Эти результаты подкрепляют гипотезу о существовании наследственной предрасположенности к возникновению ПТСР. Так, например, в исследовании Труе с соавт. показано, что 30 % всех симптомов ПТСР имеют генетическую основу. В исследовании С. Халлиган и Р. Ехуда получены данные, свидетельствующие о том, что вероятность развития ПТСР выше у тех людей, чьи родители сами переживали ПТСР. Показано, что тяжесть ПТСР выше у того, кто имел близнеца с ПТСР. Причем риск выше у монозиготных, чем у дизиготных близнецов [356]. Далее, по меньшей мере в четырех исследованиях показано, что у лиц с ПТСР наблюдается сниженный размер гиппокампа. Делается попытка объяснить этот феномен, основываясь на результатах исследований, выполненных на животных, в которых утверждается, что стресс у животных вызывает нарушение мозговых структур. Однако необходимо помнить, что эти данные являются результатом корреляционных исследований. Существует как теоретическая, так и эмпирическая поддержка гипотезы, что уменьшенный размер гиппокампа относится к числу предикторов ПТСР.
Таким образом, различные подходы, объясняющие развитие и функционирование ПТСР, вполне совместимы и успешно дополняют друг друга. Теория научения и когнитивный подход, будучи психологическими концепциями, не дают объяснения симптомам сверхвозбуждения и другим психофизиологическим изменениям при ПТСР, тогда как биологические воззрения на природу посттравматического стресса призваны восполнить этот пробел.

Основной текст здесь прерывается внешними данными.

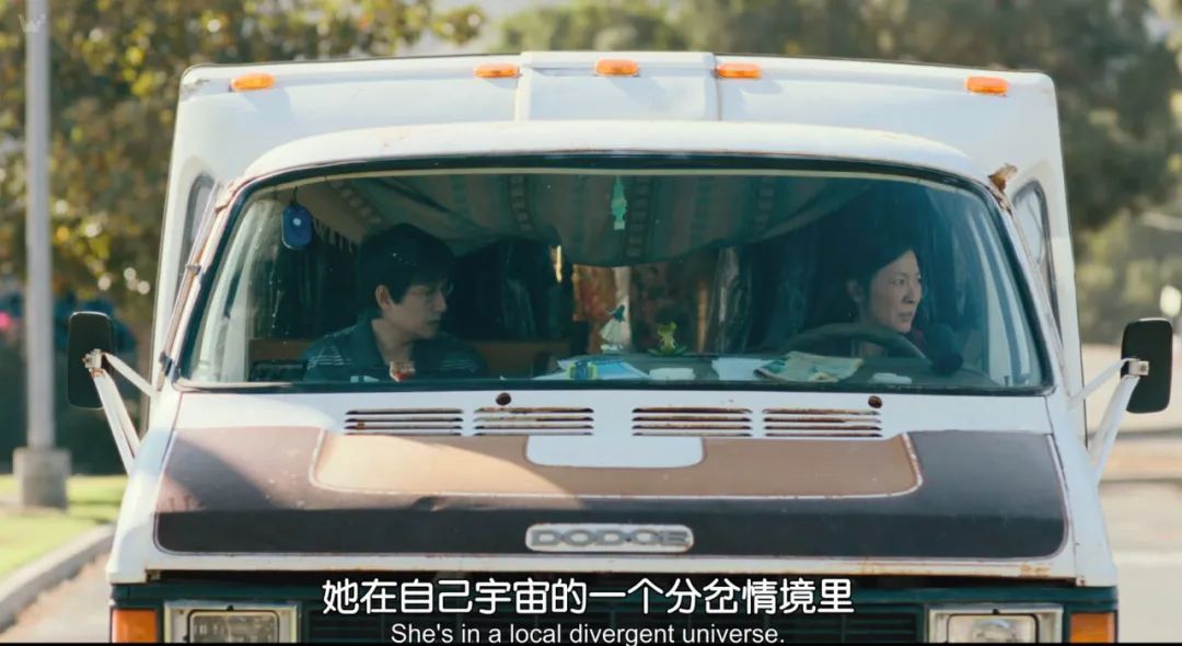 片中,主宇宙的伊芙琳看见没有丈夫的人生何其美好,分宇宙的韦蒙却表示若有来生,还要和伊芙琳一起报税、开洗衣店,可见,

Для ответа на вопрос, почему лишь у части людей, подвергшихся травматизации, проявляются психологические симптомы посттравматического стресса, предлагается также этиологическая мультифакторная теория, разрабатываемая А. Мэркером [251]. Он выделяет три группы факторов, сочетание которых приводит к возникновению ПТСР: факторы, связанные с травматическим событием: тяжесть травмы, ее неконтролируемость, неожиданность; защитные факторы: способность к осмыслению происшедшего, наличие социальной поддержки, механизмы совладания; факторы риска: возраст к моменту травматизации, отрицательный прошлый опыт, психические расстройства в анамнезе, низкий социоэкономический уровень. Согласно мультифакторной концепции, психотерапия работает на подкрепление защитных механизмов, поскольку она ведет именно к переосмыслению происшедших событий и усилению совладающих механизмов.
Подводя итоги анализа литературных данных, можно утверждать, что различные подходы, объясняющие развитие и функционирование ПТСР, вполне совместимы и успешно дополняют друг друга. Из обзора теоретических работ видно, что последствия пребывания человека в травматических ситуациях не ограничиваются развитием острого стрессового расстройства (ОСР) или ПТСР. Диапазон клинических проявлений последствий сверхэкстремального воздействия на психику человека, безусловно, шире, о чем говорит коморбидность ПТСР таких растройств, как депрессия, паническое расстройство и зависимость от психоактивных веществ.
В зарубежных психологических моделях ПТСР основной акцент делается на посттравматических когнитивно-эмоционально-личностных изменениях в психике человека, в них гораздо меньше внимания уделено клинической симптоматике ПТСР. Эти подходы близки к тому направлению, которое разрабатывается в настоящем исследовании: дифференциации ПТСР и ПТС. Понятие ПТС, являясь психологической картиной посттравматического расстройства и включая клиническую симптоматику ПТСР, по своему содержанию шире ПТСР и представляет собой континуум психических состояний психической дезадаптации разных типов и уровней.
Описывая воспоминания больных о травматических событиях, Шарко называл эти воспоминания «паразитами ума». У людей с ПТСР драматически нарушена способность к интеграции травматического опыта с другими событиями жизни. Их травматические воспоминания существуют в памяти не в виде связанных рассказов, а состоят из интенсивных эмоций и тех соматосенсорных элементов, которые актуализируются, когда страдающий ПТСР находится в возбужденном состоянии или подвержен стимулам или ситуациям, напоминающим ему о травме.
В силу того, что травматические воспоминания остаются неинтегрированными в когнитивную схему индивида и практически не повергаются изменениям с течением времени – что составляет природу психической травмы, – жертвы остаются «застывшими» в травме как в актуальном переживании, вместо того чтобы принять ее как нечто, принадлежащее прошлому. Со временем первые навязчивые мысли о травме могут войти в контаминацию с реакциями индивида на широкий спектр стимулов и укрепить селективное доминирование травматических сетей памяти. Триггеры, запускающие навязчивые травматические воспоминания, со временем могут становиться все более и более тонкими и генерализованными до такой степени, что иррелевантные стимулы становятся напоминанием о травме. Например, пожарный отказывается носить часы, потому что они напоминают ему об обязанности быстрого реагирования на сигнал тревоги, у ветерана войны резко ухудшается настроение при шуме дождя, потому что это напоминает ему сезоны муссонов во Вьетнаме. Запускают травматические переживания и более типичные триггеры, которые имеют конкретную связь с травмой: например, обстановка, напоминающая ситуацию насилия жертве изнасилования или громкий звук треснувшей головни, ассоциирующийся с выстрелом у ветерана войны.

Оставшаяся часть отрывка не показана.